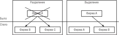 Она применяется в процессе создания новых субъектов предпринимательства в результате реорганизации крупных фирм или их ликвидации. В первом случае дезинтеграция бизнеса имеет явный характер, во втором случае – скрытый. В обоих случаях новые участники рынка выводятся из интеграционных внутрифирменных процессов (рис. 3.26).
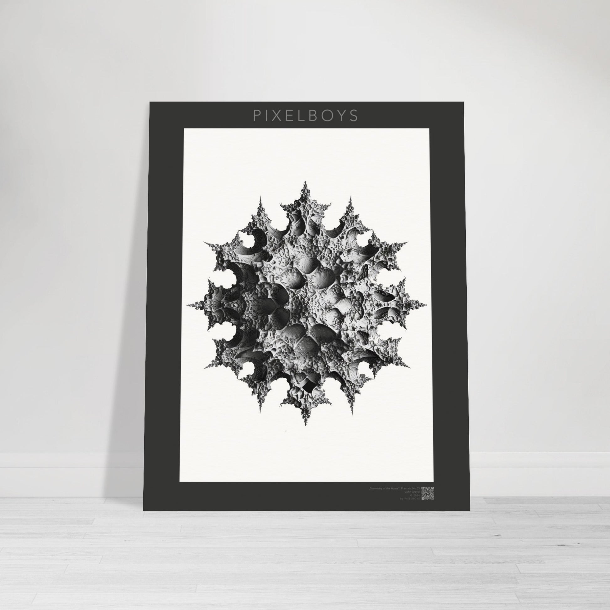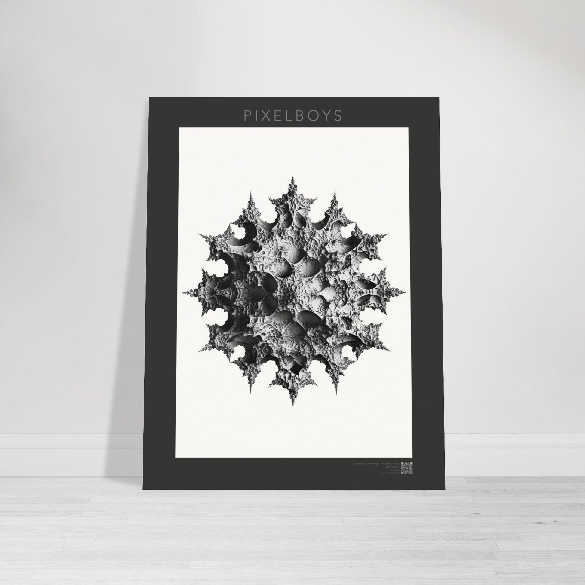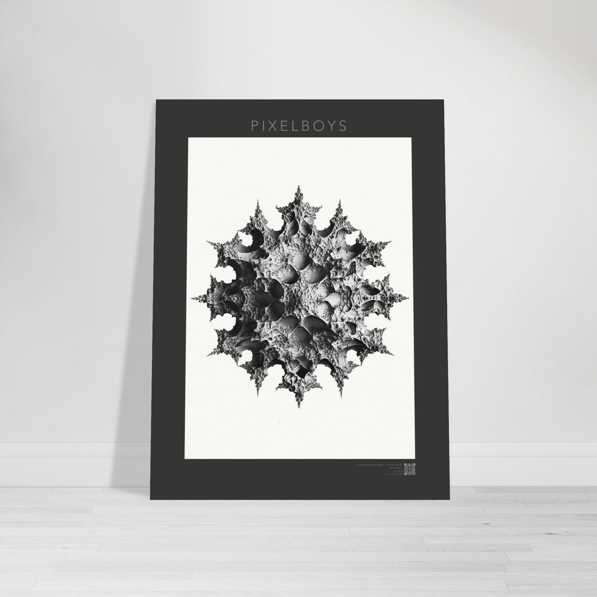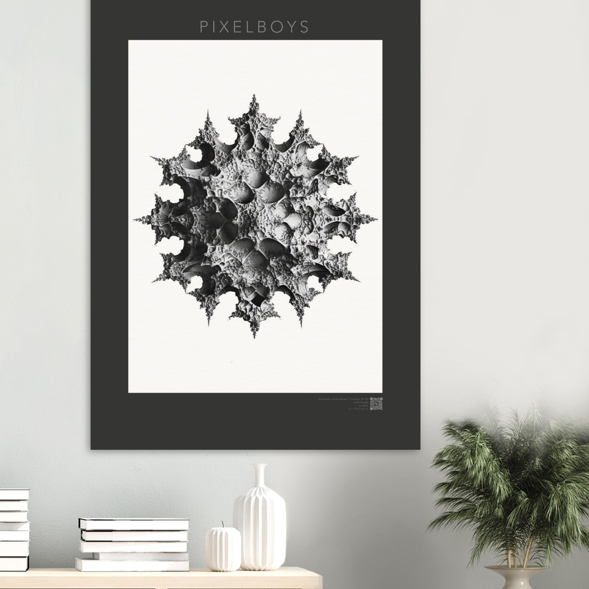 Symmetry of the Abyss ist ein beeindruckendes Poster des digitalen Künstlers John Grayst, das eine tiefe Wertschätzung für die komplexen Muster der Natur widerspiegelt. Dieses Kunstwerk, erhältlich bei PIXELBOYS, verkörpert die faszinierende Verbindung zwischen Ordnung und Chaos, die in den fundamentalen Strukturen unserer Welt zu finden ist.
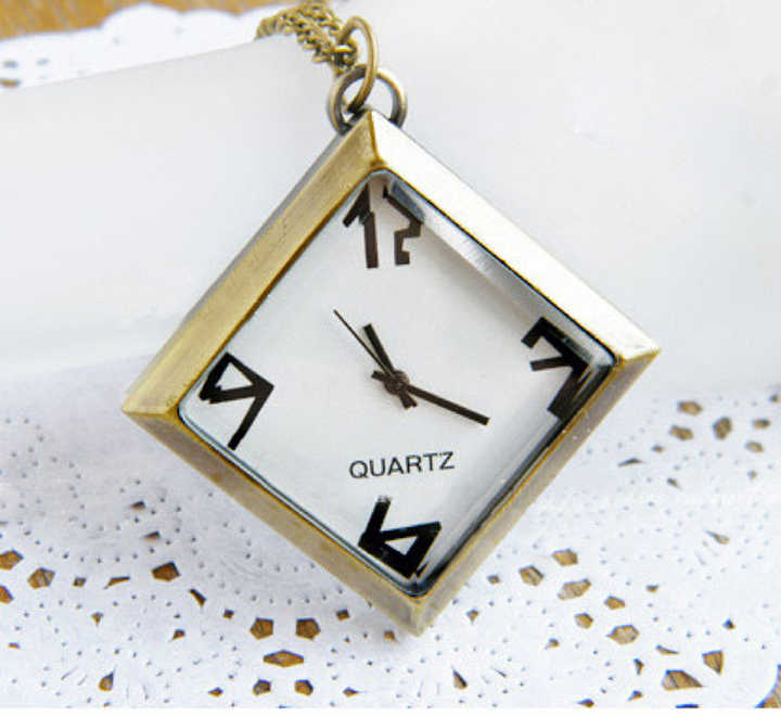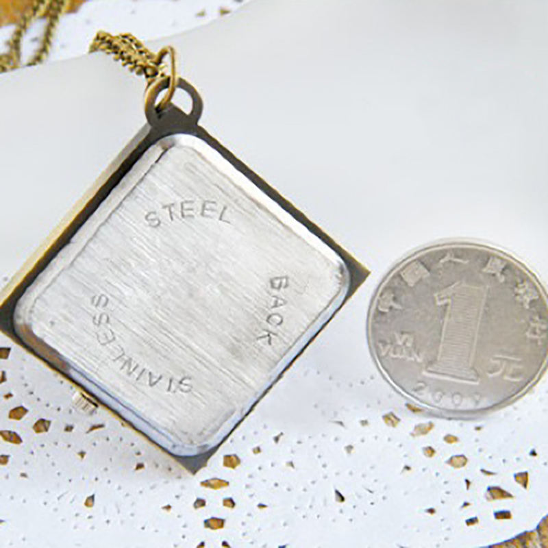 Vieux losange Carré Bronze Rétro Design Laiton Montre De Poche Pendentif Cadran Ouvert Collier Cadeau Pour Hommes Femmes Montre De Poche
::::
EXERCISE PROMPT:
Retype the data above exactly, dropping every picture.

TASK RESULT:
 Она применяется в процессе создания новых субъектов предпринимательства в результате реорганизации крупных фирм или их ликвидации. В первом случае дезинтеграция бизнеса имеет явный характер, во втором случае – скрытый. В обоих случаях новые участники рынка выводятся из интеграционных внутрифирменных процессов (рис. 3.26).
 Symmetry of the Abyss ist ein beeindruckendes Poster des digitalen Künstlers John Grayst, das eine tiefe Wertschätzung für die komplexen Muster der Natur widerspiegelt. Dieses Kunstwerk, erhältlich bei PIXELBOYS, verkörpert die faszinierende Verbindung zwischen Ordnung und Chaos, die in den fundamentalen Strukturen unserer Welt zu finden ist.
 Vieux losange Carré Bronze Rétro Design Laiton Montre De Poche Pendentif Cadran Ouvert Collier Cadeau Pour Hommes Femmes Montre De Poche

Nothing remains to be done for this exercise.